How FCA Plans to Shape the Future of the Minivan Segment
Rumor has it that Fiat Chrysler Automobiles (FCA) is reconsidering its two-minivan strategy as the Chrysler Pacifica leaves the Dodge Caravan in the dust in terms of sales figures. Whatever the automaker decides, it’ll be a big impact for the Windsor, Ontario assembly plant that currently employs over 6,000 employees on three different shifts. Canada’s Unifor Union is reporting that FCA plans to invest at least $350 million into the Windsor plant, retooling it for “future product,” but the automaker itself has yet to confirm what that product will be.
In March of 2019, Automotive News Canada reported that the retooling will take place over the Summer, prepping the assembly plant for the rumored all-wheel-drive Chrysler Pacifica minivan. Industry analyst Joe McCabe stated that FCA is not only going to assemble the all-wheel-drive Pacifica at the Windsor Plant, but the automaker is also planning to replace the existing Grand Caravan with an entry-level minivan – specifically one that’ll sport the Voyager nameplate. McCabe said that the new product will not be a crossover because FCA will not want to cede leadership in the minivan segment – a segment the automaker invented 35 years ago.
“One of the biggest risks for any manufacturer getting out of a segment is this idea of ‘lost to someone else.’ And right now, Chrysler being the leader in the segment, can’t risk to dilute themselves enough to the point where minivan buyers will look elsewhere,” said McCabe, the CEO of AutoForecast Solutions when speaking to Automotive News Canada.

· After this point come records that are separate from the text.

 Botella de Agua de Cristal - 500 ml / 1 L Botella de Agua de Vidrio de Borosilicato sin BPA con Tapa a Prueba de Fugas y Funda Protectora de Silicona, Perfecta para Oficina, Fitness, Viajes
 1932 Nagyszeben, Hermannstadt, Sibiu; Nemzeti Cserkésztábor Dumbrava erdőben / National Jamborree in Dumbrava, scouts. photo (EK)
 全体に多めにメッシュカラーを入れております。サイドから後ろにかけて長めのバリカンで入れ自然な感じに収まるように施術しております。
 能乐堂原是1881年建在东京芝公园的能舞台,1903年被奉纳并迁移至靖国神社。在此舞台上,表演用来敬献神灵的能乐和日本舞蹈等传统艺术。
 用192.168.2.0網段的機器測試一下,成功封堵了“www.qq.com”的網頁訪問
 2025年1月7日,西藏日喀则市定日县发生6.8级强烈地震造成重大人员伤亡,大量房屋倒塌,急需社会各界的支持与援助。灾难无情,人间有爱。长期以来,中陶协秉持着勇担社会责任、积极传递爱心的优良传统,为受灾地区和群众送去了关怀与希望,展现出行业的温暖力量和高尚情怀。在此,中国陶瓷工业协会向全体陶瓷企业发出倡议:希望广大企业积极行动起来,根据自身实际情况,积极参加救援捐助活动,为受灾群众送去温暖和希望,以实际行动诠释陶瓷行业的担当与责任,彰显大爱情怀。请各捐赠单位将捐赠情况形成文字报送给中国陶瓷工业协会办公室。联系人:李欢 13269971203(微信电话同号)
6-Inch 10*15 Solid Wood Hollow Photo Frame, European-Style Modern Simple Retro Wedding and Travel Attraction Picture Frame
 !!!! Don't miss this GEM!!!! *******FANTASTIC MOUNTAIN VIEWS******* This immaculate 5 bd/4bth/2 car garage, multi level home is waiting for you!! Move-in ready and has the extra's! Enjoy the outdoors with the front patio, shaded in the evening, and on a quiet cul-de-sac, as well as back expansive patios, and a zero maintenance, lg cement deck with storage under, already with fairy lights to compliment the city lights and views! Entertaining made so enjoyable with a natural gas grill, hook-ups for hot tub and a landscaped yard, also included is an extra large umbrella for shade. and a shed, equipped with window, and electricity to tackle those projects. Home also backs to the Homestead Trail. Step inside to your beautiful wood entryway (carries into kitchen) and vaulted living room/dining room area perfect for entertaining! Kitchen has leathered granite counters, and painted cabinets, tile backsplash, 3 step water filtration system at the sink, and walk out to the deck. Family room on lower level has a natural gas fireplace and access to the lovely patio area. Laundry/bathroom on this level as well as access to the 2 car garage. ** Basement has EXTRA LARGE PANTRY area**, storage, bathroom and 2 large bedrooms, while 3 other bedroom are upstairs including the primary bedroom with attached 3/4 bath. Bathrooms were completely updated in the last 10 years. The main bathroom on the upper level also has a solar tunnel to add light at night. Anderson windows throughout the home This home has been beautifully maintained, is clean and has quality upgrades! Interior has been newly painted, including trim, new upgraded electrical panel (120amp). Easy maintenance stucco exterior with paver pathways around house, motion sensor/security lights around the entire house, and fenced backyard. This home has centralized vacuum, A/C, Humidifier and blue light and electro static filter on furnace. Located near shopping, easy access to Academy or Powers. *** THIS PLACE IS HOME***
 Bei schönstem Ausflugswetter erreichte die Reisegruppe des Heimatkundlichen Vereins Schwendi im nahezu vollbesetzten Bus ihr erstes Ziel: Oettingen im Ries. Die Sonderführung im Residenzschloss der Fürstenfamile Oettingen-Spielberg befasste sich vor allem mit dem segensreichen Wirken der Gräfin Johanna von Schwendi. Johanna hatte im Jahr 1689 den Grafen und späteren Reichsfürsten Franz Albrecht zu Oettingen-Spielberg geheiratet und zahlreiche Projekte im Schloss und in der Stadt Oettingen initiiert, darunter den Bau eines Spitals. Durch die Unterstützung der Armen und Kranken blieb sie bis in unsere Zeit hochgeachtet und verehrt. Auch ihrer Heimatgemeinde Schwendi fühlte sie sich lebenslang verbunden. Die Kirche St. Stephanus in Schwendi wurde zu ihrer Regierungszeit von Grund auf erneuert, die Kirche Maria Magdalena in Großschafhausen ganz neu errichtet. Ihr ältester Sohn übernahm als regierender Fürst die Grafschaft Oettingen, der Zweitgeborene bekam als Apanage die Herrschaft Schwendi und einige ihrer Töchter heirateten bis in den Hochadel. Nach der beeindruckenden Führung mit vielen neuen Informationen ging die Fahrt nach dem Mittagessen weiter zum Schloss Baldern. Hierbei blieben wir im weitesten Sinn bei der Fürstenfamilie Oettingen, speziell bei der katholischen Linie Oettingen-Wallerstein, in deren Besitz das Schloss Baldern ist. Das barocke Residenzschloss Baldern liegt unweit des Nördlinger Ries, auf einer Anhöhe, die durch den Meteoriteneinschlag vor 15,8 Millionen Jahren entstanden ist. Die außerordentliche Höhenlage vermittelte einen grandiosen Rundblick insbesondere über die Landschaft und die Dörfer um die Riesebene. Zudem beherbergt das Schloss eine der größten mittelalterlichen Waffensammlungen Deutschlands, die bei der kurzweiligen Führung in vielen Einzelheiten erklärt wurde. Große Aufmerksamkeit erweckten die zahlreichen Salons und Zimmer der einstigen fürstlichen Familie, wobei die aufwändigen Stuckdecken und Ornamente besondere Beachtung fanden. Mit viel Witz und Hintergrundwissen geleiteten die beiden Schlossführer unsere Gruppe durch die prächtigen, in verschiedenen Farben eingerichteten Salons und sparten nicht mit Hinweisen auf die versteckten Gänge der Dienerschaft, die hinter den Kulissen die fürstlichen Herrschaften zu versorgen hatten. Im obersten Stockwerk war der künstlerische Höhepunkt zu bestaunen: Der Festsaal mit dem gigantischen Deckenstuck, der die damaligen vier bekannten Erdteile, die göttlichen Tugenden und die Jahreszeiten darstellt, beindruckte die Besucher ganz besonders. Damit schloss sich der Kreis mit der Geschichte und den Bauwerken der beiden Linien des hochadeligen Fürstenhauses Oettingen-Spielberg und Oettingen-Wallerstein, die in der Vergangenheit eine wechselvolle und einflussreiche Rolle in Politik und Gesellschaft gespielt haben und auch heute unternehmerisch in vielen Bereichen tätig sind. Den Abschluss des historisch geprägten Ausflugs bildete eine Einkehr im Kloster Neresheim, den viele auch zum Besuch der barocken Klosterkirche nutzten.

Staying within the same segment would allow FCA to appeal to the same cost-conscious buyers that are interested in the Grand Caravan now. “They just can’t afford to risk that foothold that they have in the minivan space. I think there’s more of a risk in killing the Caravan and having only one Pacifica and having too many trim levels where they lose the high-end Caravan buyer to a higher-sized Pacifica. That’s where we see the risk. They have to make sure they backfill the more cost-conscientious Caravan buyer,” McCabe added. As is customary anFCA spokesperson declined to comment as the automaker does not frivolously unveil future plans unless at a specific event or vehicle unveiling.

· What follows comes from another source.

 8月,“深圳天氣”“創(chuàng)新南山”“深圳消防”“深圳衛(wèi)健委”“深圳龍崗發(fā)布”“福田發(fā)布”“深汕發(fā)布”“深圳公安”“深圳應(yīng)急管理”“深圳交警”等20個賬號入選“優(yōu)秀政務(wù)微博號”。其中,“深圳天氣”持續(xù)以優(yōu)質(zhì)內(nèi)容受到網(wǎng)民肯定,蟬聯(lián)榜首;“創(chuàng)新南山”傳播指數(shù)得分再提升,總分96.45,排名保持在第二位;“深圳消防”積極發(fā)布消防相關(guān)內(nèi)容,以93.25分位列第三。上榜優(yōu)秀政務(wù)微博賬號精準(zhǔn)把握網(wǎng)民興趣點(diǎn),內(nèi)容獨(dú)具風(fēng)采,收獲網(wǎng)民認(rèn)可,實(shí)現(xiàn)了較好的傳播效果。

Other industry insiders agree with McCabe’s assessment that a dual-minivan strategy is the right direction for FCA should the Grand Caravan finally be phased out. A lower-priced van would be important for dealers as Chrysler is likely to introduce rebates and other packages to attract prior Caravan customers. Should the Dodge Voyager replace the Grand Caravan, the Pacifica will be responsible for filling in the gaps as the market warms up to the entry-level minivan. Current trends indicate a decline in overall market interest in the minivan segment, but other rumors have circulated before that the ever-popular crossover segment is sure to play an integral part into the automaker’s success eventually.